### [Information supplied]
------------------------------------------------------------------------
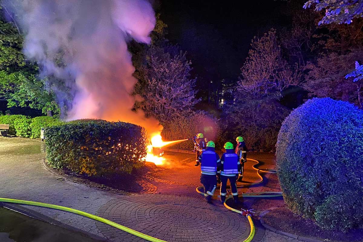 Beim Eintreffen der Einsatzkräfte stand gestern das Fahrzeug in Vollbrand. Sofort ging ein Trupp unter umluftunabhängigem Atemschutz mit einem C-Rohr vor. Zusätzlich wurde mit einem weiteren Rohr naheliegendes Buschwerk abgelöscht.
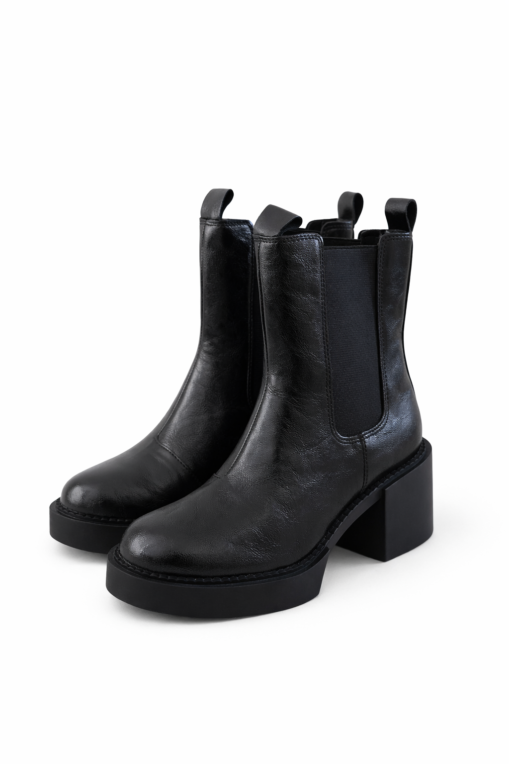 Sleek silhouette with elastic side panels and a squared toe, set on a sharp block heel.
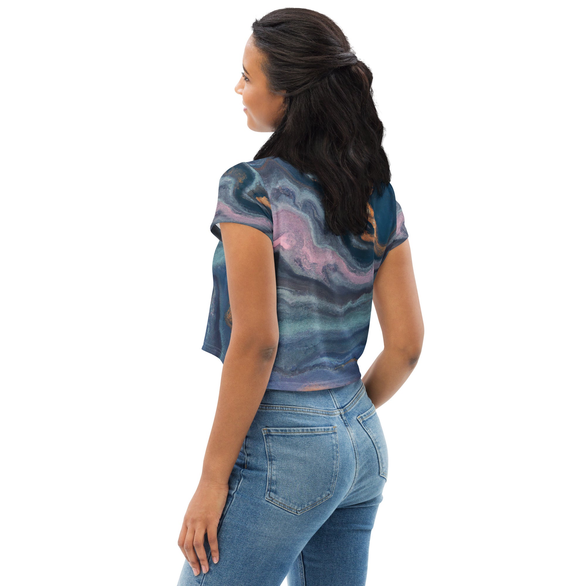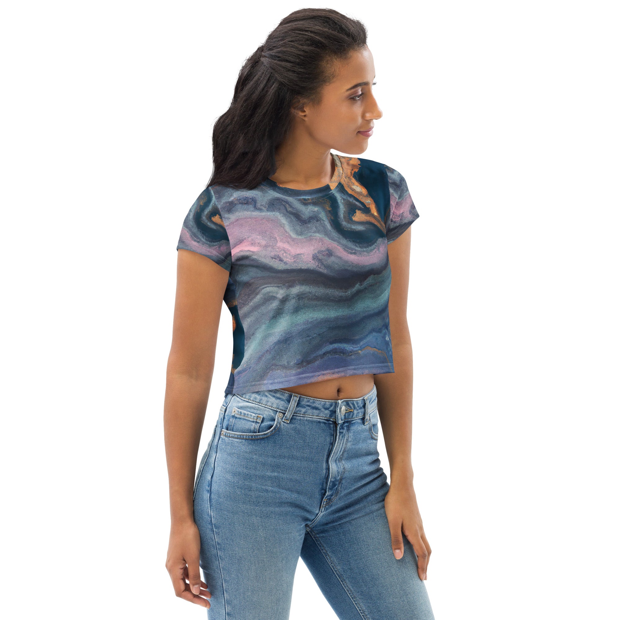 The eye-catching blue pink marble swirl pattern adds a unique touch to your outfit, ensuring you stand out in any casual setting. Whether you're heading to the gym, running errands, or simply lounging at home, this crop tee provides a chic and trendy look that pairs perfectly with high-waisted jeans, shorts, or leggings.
------------------------------------------------------------------------
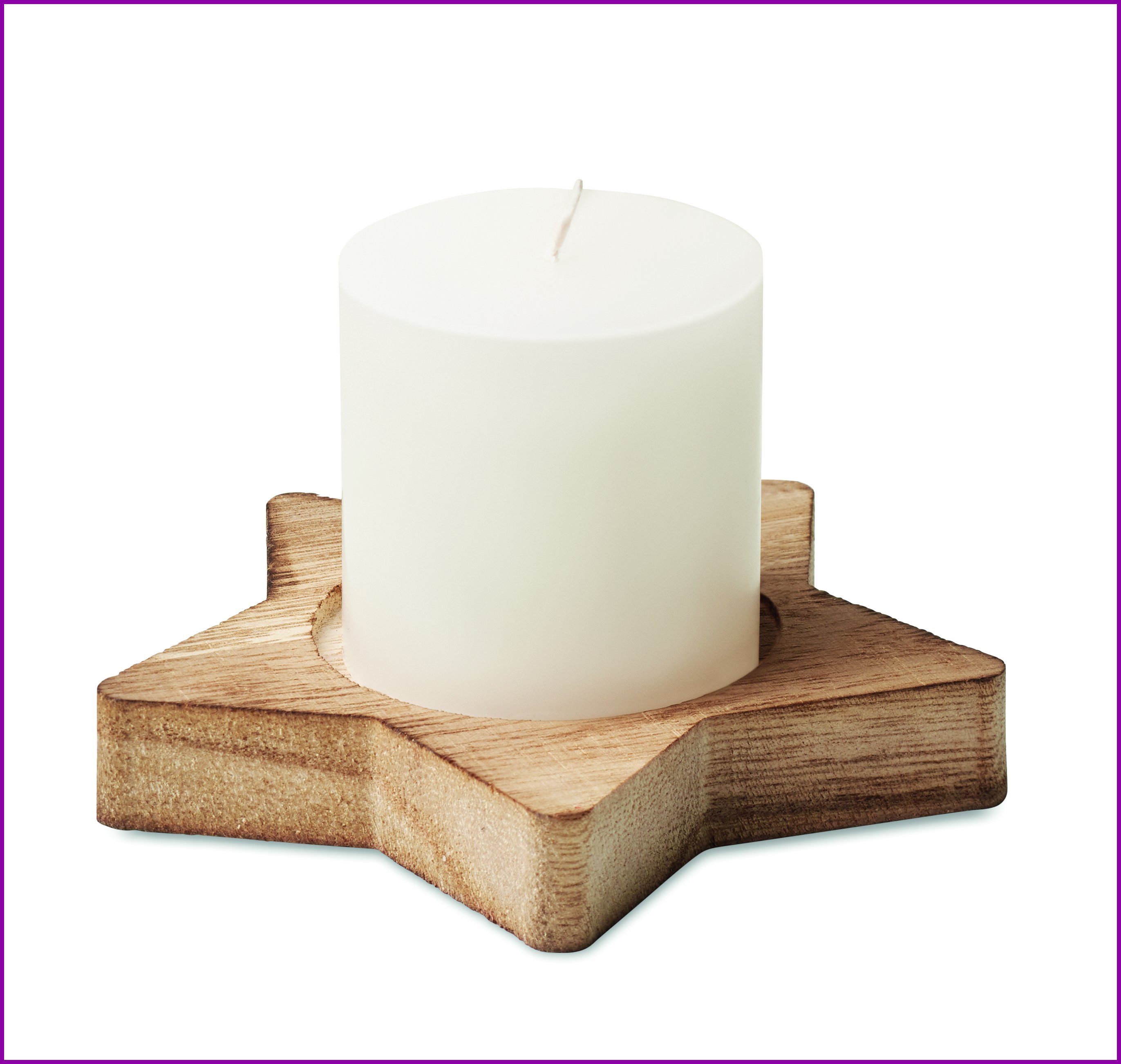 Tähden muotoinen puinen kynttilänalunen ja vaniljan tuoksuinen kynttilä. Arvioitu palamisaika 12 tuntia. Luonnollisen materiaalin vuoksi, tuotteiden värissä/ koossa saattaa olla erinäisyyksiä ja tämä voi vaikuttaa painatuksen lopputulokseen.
------------------------------------------------------------------------
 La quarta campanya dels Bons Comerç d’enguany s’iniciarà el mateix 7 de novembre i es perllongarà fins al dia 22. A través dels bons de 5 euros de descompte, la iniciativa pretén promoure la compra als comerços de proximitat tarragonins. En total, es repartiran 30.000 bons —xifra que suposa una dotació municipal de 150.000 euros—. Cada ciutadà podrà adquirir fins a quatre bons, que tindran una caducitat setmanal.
------------------------------------------------------------------------
### [Goal of the exercise]
Would you please repeat only the lines above, beginning at the one that has "Beim Eintreffen der" and stopping after the one that has "The eye-catching blue", exactly and with no pictures?

### [Response for this exercise]
 Beim Eintreffen der Einsatzkräfte stand gestern das Fahrzeug in Vollbrand. Sofort ging ein Trupp unter umluftunabhängigem Atemschutz mit einem C-Rohr vor. Zusätzlich wurde mit einem weiteren Rohr naheliegendes Buschwerk abgelöscht.
 Sleek silhouette with elastic side panels and a squared toe, set on a sharp block heel.
 The eye-catching blue pink marble swirl pattern adds a unique touch to your outfit, ensuring you stand out in any casual setting. Whether you're heading to the gym, running errands, or simply lounging at home, this crop tee provides a chic and trendy look that pairs perfectly with high-waisted jeans, shorts, or leggings.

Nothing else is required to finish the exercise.